Schematic diagram demonstrating the importance of Hif protein for the transcription of ion transport proteins in fish. The Hif-α/Hif-1β dimer formed under hypoxic conditions binds to a hypoxia response element (HRE; nucleotide consensus sequence ACGTG) and activates transcription of target genes. In fish, an anion exchanger (AE), a monocarboxylate carrier (MCT4) and an epithelial Ca2+ channel (ECAC) have been shown to be under the control of Hif protein; divalent metal-ion transporter1 (DMT1) has been identified in mammals, and most likely is also under the control of Hif proteins in fish.

Fig. 4.

Schematic diagram demonstrating the importance of Hif protein for the transcription of ion transport proteins in fish. The Hif-α/Hif-1β dimer formed under hypoxic conditions binds to a hypoxia response element (HRE; nucleotide consensus sequence ACGTG) and activates transcription of target genes. In fish, an anion exchanger (AE), a monocarboxylate carrier (MCT4) and an epithelial Ca2+ channel (ECAC) have been shown to be under the control of Hif protein; divalent metal-ion transporter1 (DMT1) has been identified in mammals, and most likely is also under the control of Hif proteins in fish.

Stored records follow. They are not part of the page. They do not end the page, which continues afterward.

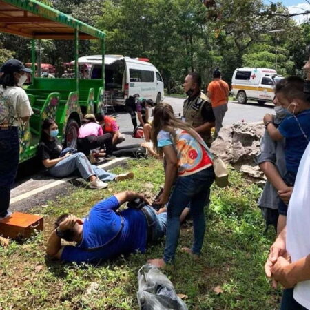 ชัยภูมิ- รถรางขนนักท่องเที่ยวขึ้นชมทุ่งดอกกระเจียว อุทยานฯป่าหินงาม อ.เทพสถิต เฉี่ยวชนกันกันพลิกคว่ำ บาดเจ็บระนาว 15 ราย สาหัส 2 ราย
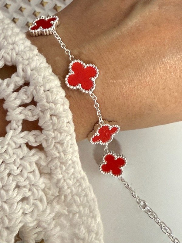 PB1157 Pulsera van cleef roja acero blanco 18 + 5 cm
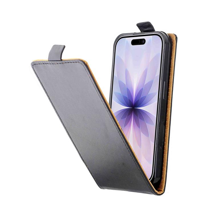 Funda de cuero con tapa vertical para iPhone 17 con ranura para tarjetas (negra)
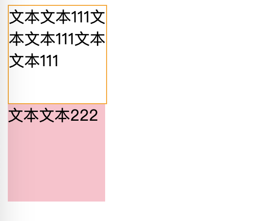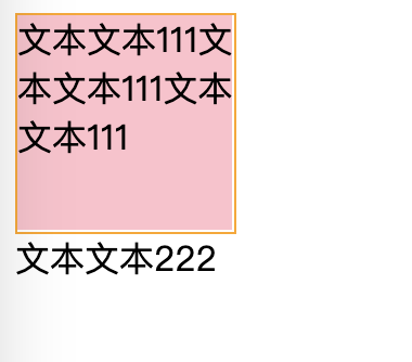可以看到, 將第一個(gè)div用BFC容器包裹后(類似于閘門的作用): <div style="display: flow-root;"> <div style="width: 100px; height: 100px; border: 1px solid orange; float: left;"> <span>文本文本111文本文本111文本文本111</span> </div> </div> <div style="width: 100px; height: 100px; background: pink;"> <span>文本文本222</span> </div> 頁(yè)面就變成了下面這個(gè)樣子:

In addition to Na+ and Cl, freshwater fish also take up Ca2+ from the environmental water. Hypoxia impairs Ca2+ uptake in developing zebrafish embryos, and Ca2+ uptake has been shown to remain low even after reoxygenation (Kwong et al., 2016). The decrease in Ca2+ uptake was shown to be caused by a decrease in the expression level of an epithelial Ca2+ channel (ECAC). Morpholino experiments and analysis of Hif-1αB-deficient zebrafish embryos confirmed that ECAC expression was under the control of Hif-1αB (Fig. 4), which was not the case for expression of the plasma membrane Ca2+-ATPase (PMCA) and the sodium-dependent Ca2+ transporter (NXC1b) (Kwong et al., 2016).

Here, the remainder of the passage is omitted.